» **Exercise instructions**: Task for the records below: please retype exactly and only the lines from the first through the one with "2017年,廣州小雨造型文化", with every picture omitted.

================================

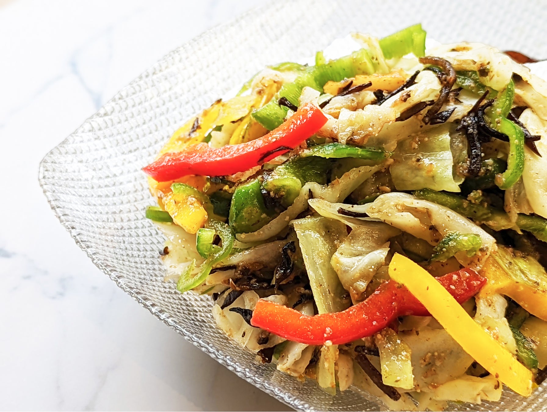 ピーマン・赤・黄パプリカの3色のピーマンが主役!香ばしいゴマのコクと梅の爽やかなソースにより、味わい深く食べやすいサラダです。ピーマンが苦手な方にも、お試しいただきたい一品です。
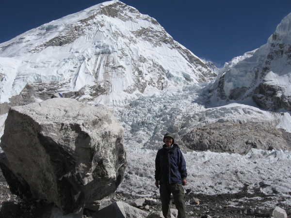 Photo: Ralph at Everest Base Camp, Khumba Ice Fall behind
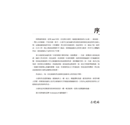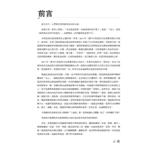 2017年,廣州小雨造型文化傳播有限公司成立。本書作為我的又一部作品,包含了近兩年我在化妝造型方面的最新實戰經驗和心得。能夠以這種特別的方式與大家分享成長和感悟,我深感榮幸。希望書中對於「美」的多元化表達能夠引起更多朋友的共鳴。
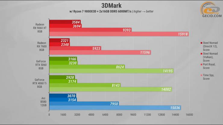Против RTX 4060 Ti и RTX 5060 ее позиции уже менее однозначны: в одних дисциплинах RX 9060 XT побеждает или идет вровень, тогда как в хорошо оптимизированном под оппонентом софте «зеленые» ускорители значительно сильнее. Intel Arc B580 в синтетических тестах держится относительно близко, что обычно сопоставимо с разницей в стоимости.
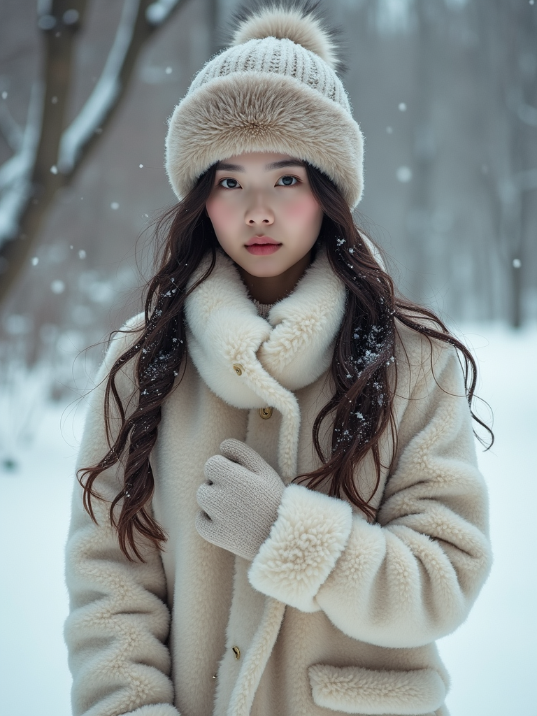 insanely beautiful model in a winter fashion editorial. Wearing designer winter wear, seasonal pose . Snowy backdrop, winter fashion photography.
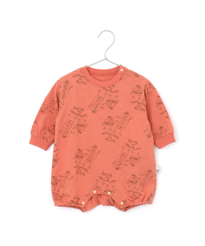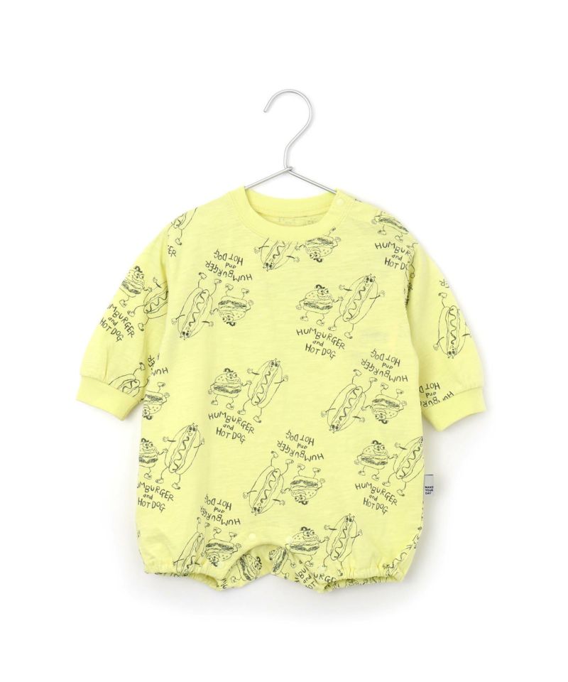 【セール】HUMBERGER&HOTDOG総柄長袖ロンパース

================================

» **Solution to this task**:
 ピーマン・赤・黄パプリカの3色のピーマンが主役!香ばしいゴマのコクと梅の爽やかなソースにより、味わい深く食べやすいサラダです。ピーマンが苦手な方にも、お試しいただきたい一品です。
 Photo: Ralph at Everest Base Camp, Khumba Ice Fall behind
 2017年,廣州小雨造型文化傳播有限公司成立。本書作為我的又一部作品,包含了近兩年我在化妝造型方面的最新實戰經驗和心得。能夠以這種特別的方式與大家分享成長和感悟,我深感榮幸。希望書中對於「美」的多元化表達能夠引起更多朋友的共鳴。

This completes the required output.